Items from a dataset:

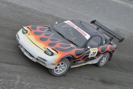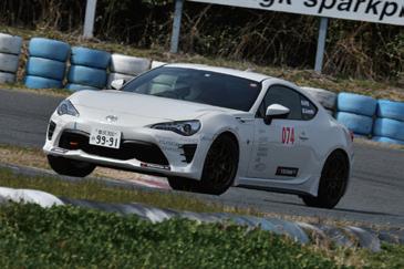 参加14台と今年も人気を集めるPN3クラスも 25秒台の攻防となった。昨年まで全日本にRX-7 で参戦していた上本昌彦選手が86にチェンジして 参戦、全日本優勝経験者の貫禄を見せたが、26秒 台にとどまり、3番手に終わった。勝ったのは前夜 遅くまでカラーリングに奔走していたという西野耕
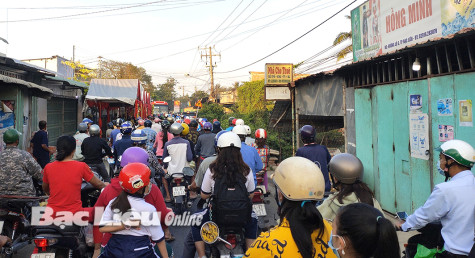 Khoảng 6 giờ 20 phút sáng 31/3/2021, trên tuyến Hương lộ 6 đoạn qua địa bàn khóm 10 (Phường 1, TP. Bạc Liêu) xảy ra ùn tắc giao thông cục bộ. Rất đông người và xe xếp hàng dài hơn 1km và không thể di chuyển qua khu vực khi bị một rạp cưới dựng lấn ra phần đường dành cho phương tiện lưu thông.
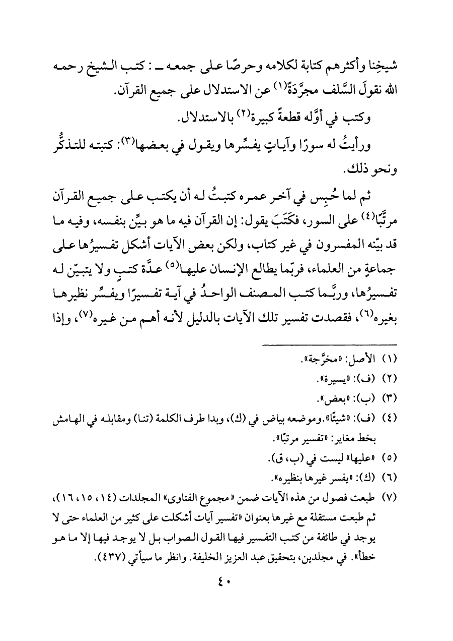 ثم لما حُبِس في آخر عمره كتبتُ له أن يكتب على جميع القرآن مرتَّبًا (¬٤) على السور، فكَتَبَ يقول: إن القرآن فيه ما هو بيِّن بنفسه، وفيه ما قد بيّنه المفسرون في غير كتاب، ولكن بعض الآيات أشكل تفسيرُها على جماعةٍ من العلماء، فربّما يطالع الإنسان عليها (¬٥) عدَّة كتبٍ ولا يتبيّن له تفسيرُها، وربَّما كتب المصنف الواحدُ في آية تفسيرًا ويفسِّر نظيرها بغيره (¬٦)، فقصدت تفسير تلك الآيات بالدليل لأنه أهم من غيره (¬٧)، وإذا
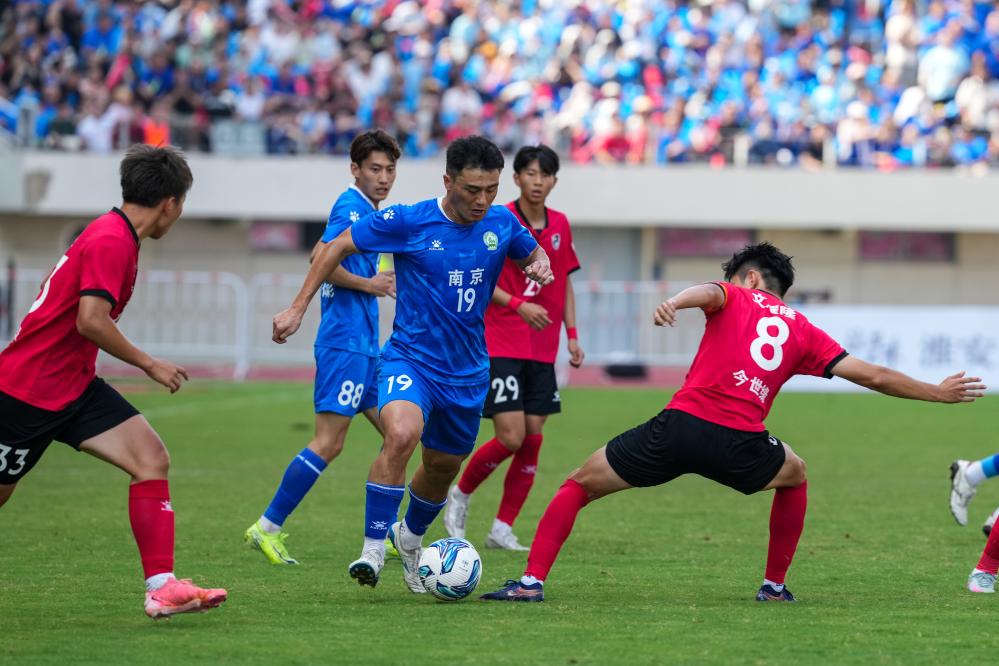 6月14日,南京队球员唐淼(左三)在比赛中突破。在江苏省淮安市举行的2025江苏省城市足球联赛第四轮比赛中,淮安队主场1比1战平南京队。
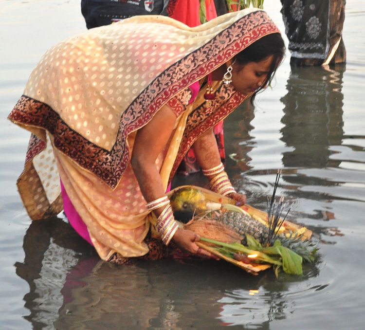 Jain women offering prayers to Sun God at Hussain Sagar lake in Hyderabad on Wednesday on the eve of Chhath festival.
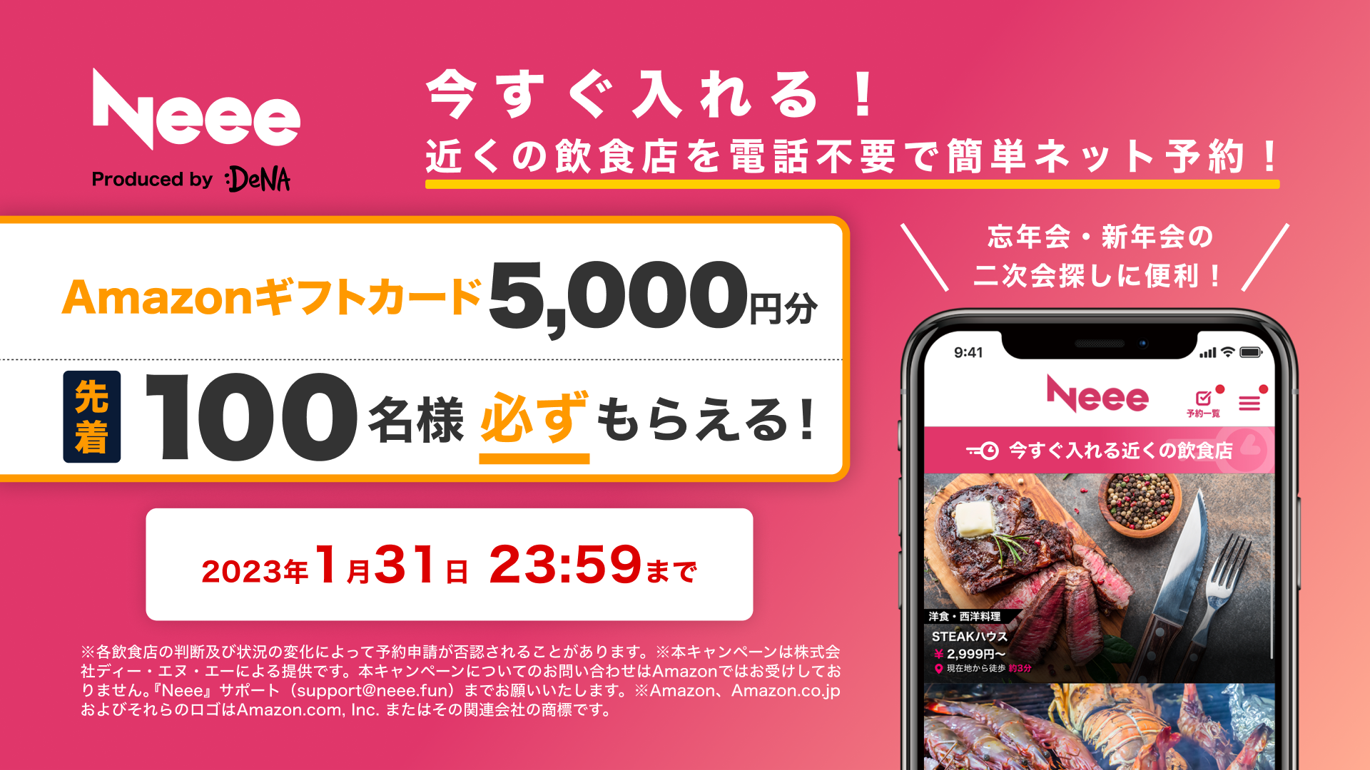 株式会社ディー・エヌ・エー(本社:東京都渋谷区、代表取締役社長兼CEO:岡村 信悟)が提供する、近くにある今すぐ入れる飲食店を予約することができるサービス「Neee(ニー)」は、先着100名様がAmazonギフトカード5,000円分が必ずもらえる、忘年会&新年会応援キャンペーンを開催します。
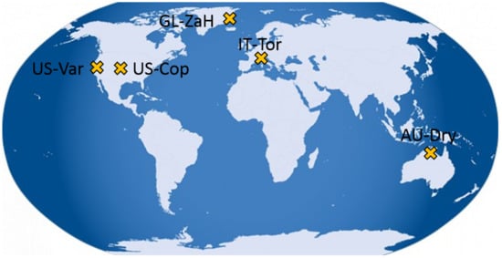 Five Eddy-covariance experimental sites have been selected as case studies. They belong to the global FLUXNET network (https://fluxnet.org/, accessed on 27 April 2021), which provides observational data of eddy covariance fluxes at different flux tower sites around the world. The chosen sites are:
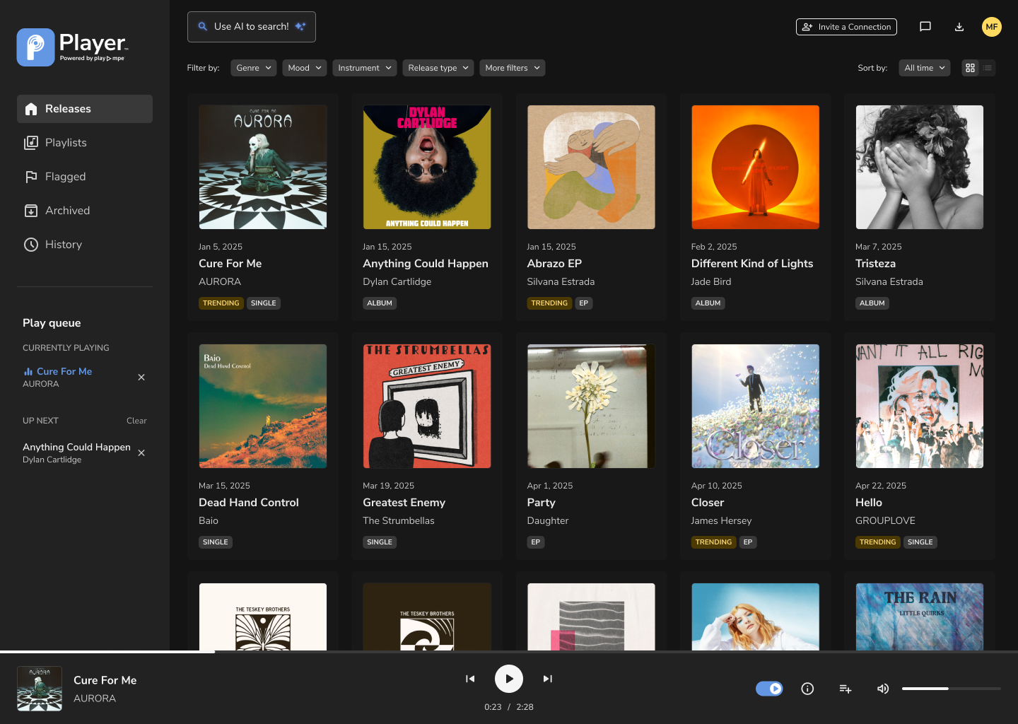 Access the latest releases and discover new music in Player

# YOUR ASSIGNMENT:
The answer must be an exact copy of the lines from the one containing "Five Eddy-covariance experimental" through the last line of the records, and nothing else. Pictures do not belong in it.

# RESPONSE:
 Five Eddy-covariance experimental sites have been selected as case studies. They belong to the global FLUXNET network (https://fluxnet.org/, accessed on 27 April 2021), which provides observational data of eddy covariance fluxes at different flux tower sites around the world. The chosen sites are:
 Access the latest releases and discover new music in Player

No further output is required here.